UPS opened it up and upon finding drugs, called police. They went ahead and re-delivered the package to Lentsch and Corey Jahn, who police say accepted it. But they weren't the ones who ordered the four-pounds of marijuana and quarter-pound of hash.

"They were the ones who were going to accept the package then transfer to the other people at Valhalla Blvd.," says Police Information Officer Loren McManus.

Prosecutors say Lentsch admitted to police he'd be paid in money and marijuana for accepting the package for Travis Van Wyk and Christopher Bootsma, knowing it would be drugs.

"I don't think it's uncommon in Sioux Falls to have drugs delivered in this manner. I think the fact we're seeing this hash is what makes this particular case unique," McManus says.

The hash was individually wrapped, apparently ready for distribution. And when police searched Bootsma's home on Valhalla Blvd, they say they found information connecting him and Van Wyk to the the package.

Police then took the suspected drug dealers off the streets.

Two other people arrested in this case don't face as serious charges. Nicole Straatmeyer, who lives with Bootsma faces some charges because that's a home where police believe drugs are kept or sold. 

And Lentsch's older brother Jeremy, the one who refused the package, was arrested for allegedly having a small amount of marijuana.

http://www.keloland.com/News/NewsDetail6371.cfm?Id=0,65655


----------



## BenDover (Jan 25, 2008)

This article shows how stupid the laws are in the U.S. 

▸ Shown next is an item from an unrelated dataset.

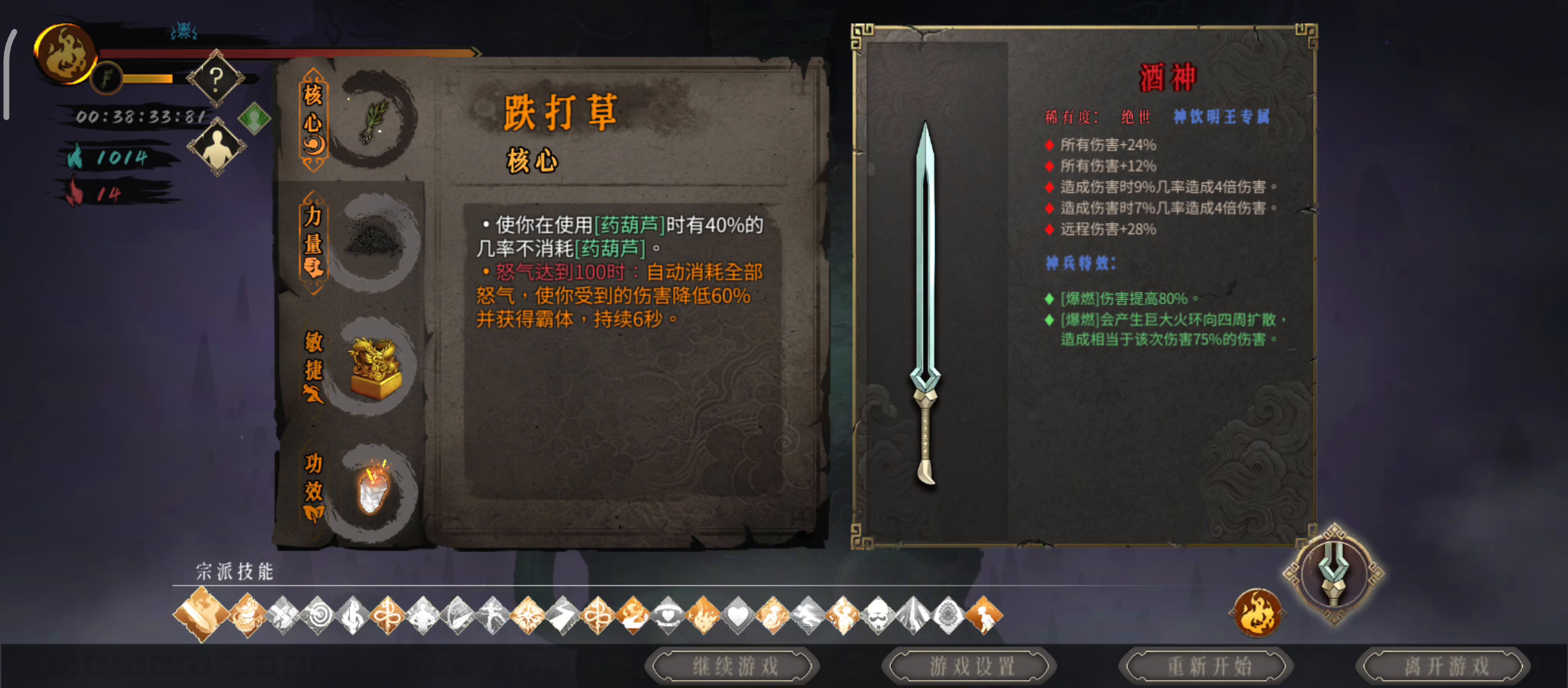 职业:怒目金刚1技能 武器:太祖最佳职业武器次之 精髓:核心1灵芝 2玄武 3踏风草(雷1必备)4猪
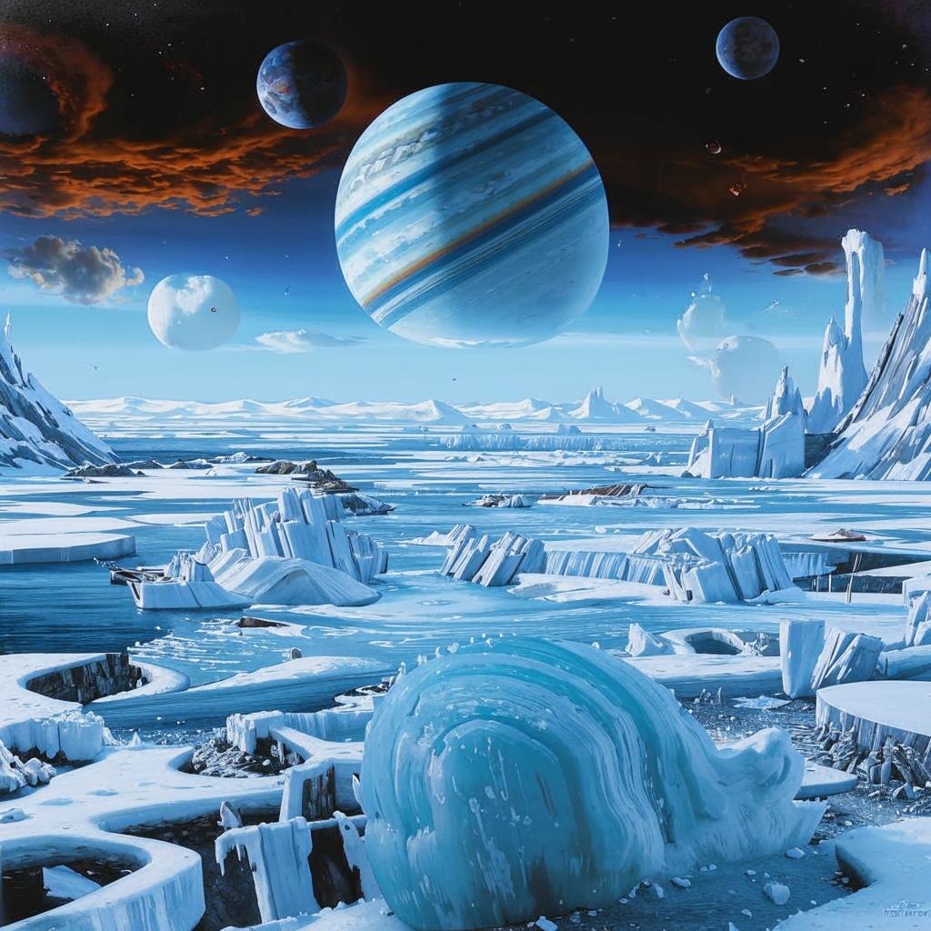 Поверхность Европы — это бесконечная головоломка. Ледяные плиты размером с город плавают на жидкой мантии, сталкиваясь и образуя причудливые узоры. Некоторые участки напоминают земные паковые льды, другие — застывшие в движении волны.

This is technically a bust of a small business. If the government turned around and legalized MJ, then they would be able to tax the sales of all of this plus give many jobs in the form of small distribution companies such as this one that was busted. And, the small business would have to pay taxes to be able to  stay in business.

More money for the government, more jobs=happier people, happier people=more taxes. 

I guess I am just high and I am rambling but, I think I got my message across. :stoned:


----------



## jraddude (Jan 29, 2008)

I like how Jeremy, the guy who refused the package and thus led them to the whole drug bust thing, got arrested anyways for having some pot on him. Where is Sioux Falls, south dakota? Crazy, in CA the cops usually ignore weed and leave it alone if its a small amount.


----------



## I'ma Joker Midnight Toker (Jan 29, 2008)

Just possibly stupidity got them busted, maybe...at least let the brother know a package is coming, but then why wouldn't UPS just return it to the sender, hmmmm.......sounds like there is more to it than that...


----------